# Catfish Washing Invention



## whsalum

I've been catfishing all my life but never get to old to learn something new. I've been talking to a fellow noodle fishing enthusiast at the Kickapoo Marina the last month or so.. He has developed the neatest fish washing contraption I have ever seen. It uses a cheap Walmart sprinkler, a short 6' piece of water hose and a 5 gallon bucket with some well placed holes drilled around the top. The fillets are dropped in the bucket and cleaned as they swirl, by the time he is thru filleting the fish are ready to bag without ever touching them again. He has probably $8-$10 in the set up and folks it works. I will post a pic when I get mine built. It's impressive !!


----------



## Gator gar

Looking forward to it.


----------



## cva34

*Cat Washer*

I figger if it impressed Whsalum its prolly good and worth a look (but first gota catch enough to wash) He can Help with that too


----------



## whsalum

It is so simple I don't know why someone hasn't thought of it before. You guys will definitely like it when you see it work. The fish washing is completed at the same time the filleting is done , when your done with the filet knife there are no cloudy fish to wash, they are ready for the zip lock bag. Gator Gar you will be hooked.


----------



## Buster Brown

Interesting. I look forward to this also.


----------



## Gator gar

whsalum said:


> It is so simple I don't know why someone hasn't thought of it before. Gator Gar you will be hooked.


 I'm watching this thread closely. When you get yours built, I'll be building mine I'm sure.


----------



## Ducktracker

Billy were all waiting on pictures, go ahead and build two and I will pick up in two weeks! Lol


Sent from my iPhone using Tapatalk


----------



## whsalum

Ducktracker said:


> Billy were all waiting on pictures, go ahead and build two and I will pick up in two weeks! Lol
> 
> Sent from my iPhone using Tapatalk


 I'm gonna have to go to Huntsville to gather up parts or wait on em to open the Livingston store back up


----------



## BobBobber

As a long-time RV owner, I'd add that any hose should be safe for drinking water. Like the white hoses that RVers use.

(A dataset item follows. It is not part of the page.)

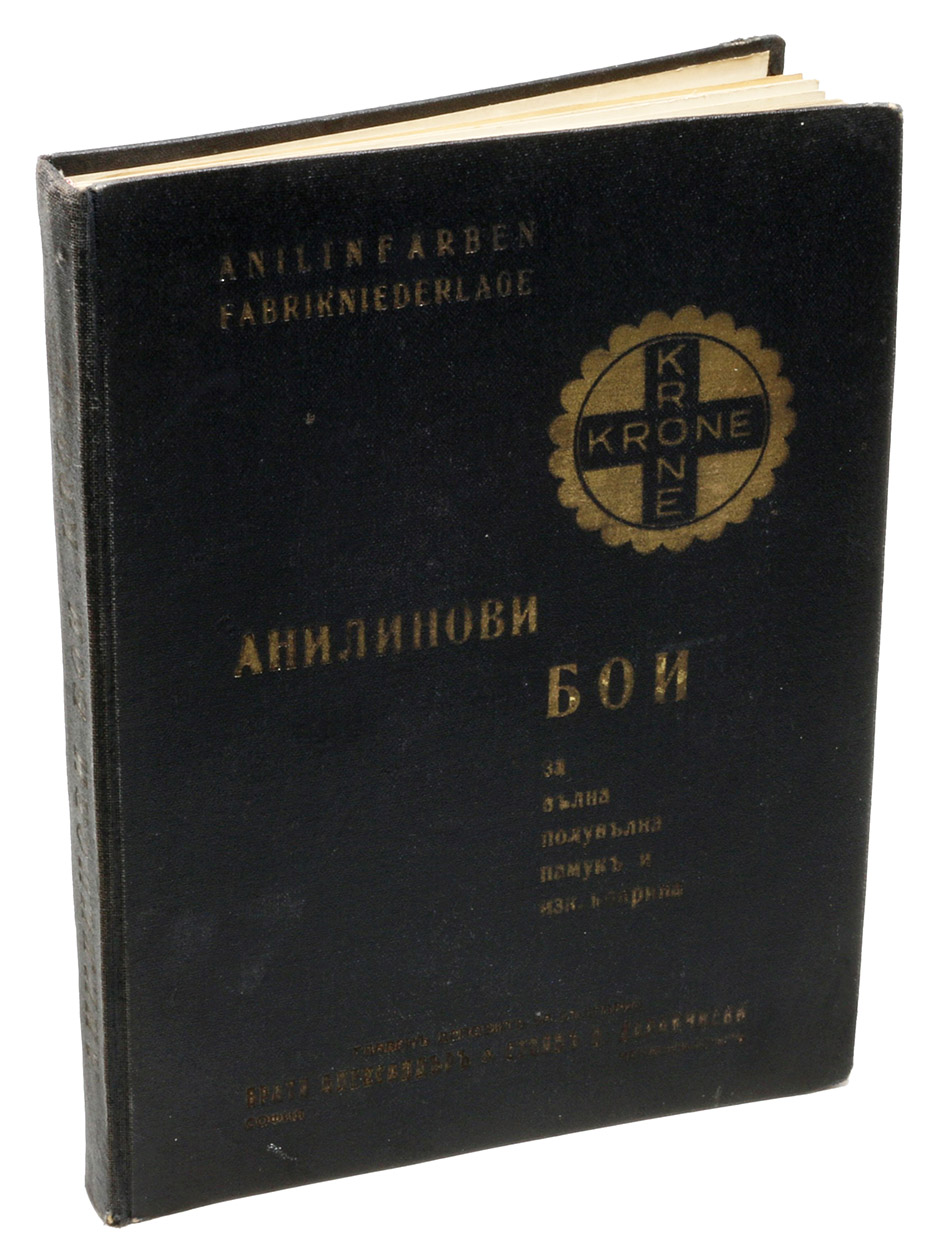 Sofia & Cherven Bryag, Alexander & Stoyan P. Darakchiev, [1938?]. With 256 well-preserved wool yarn and fabric samples showing a wide range of colours of aniline dyes, solidly mounted on thick cardboard. Original publishers gold-stamped black cloth with the "Krone" logo on the front board and title and publisher on the front board and spine. 26 pp.

Many hoses sold have cautions about carcinogens. One black hose we bought from Home Depot still had a paper tag that warned you to thoroughly wash your hands each time you used the hose. However, several of the same hoses did not have the tags. You could still see the twist tie that held the tag, but tag was gone.

My basic rule is if it's made in China, and is black, it's got lead in it . . . and who knows whatever else.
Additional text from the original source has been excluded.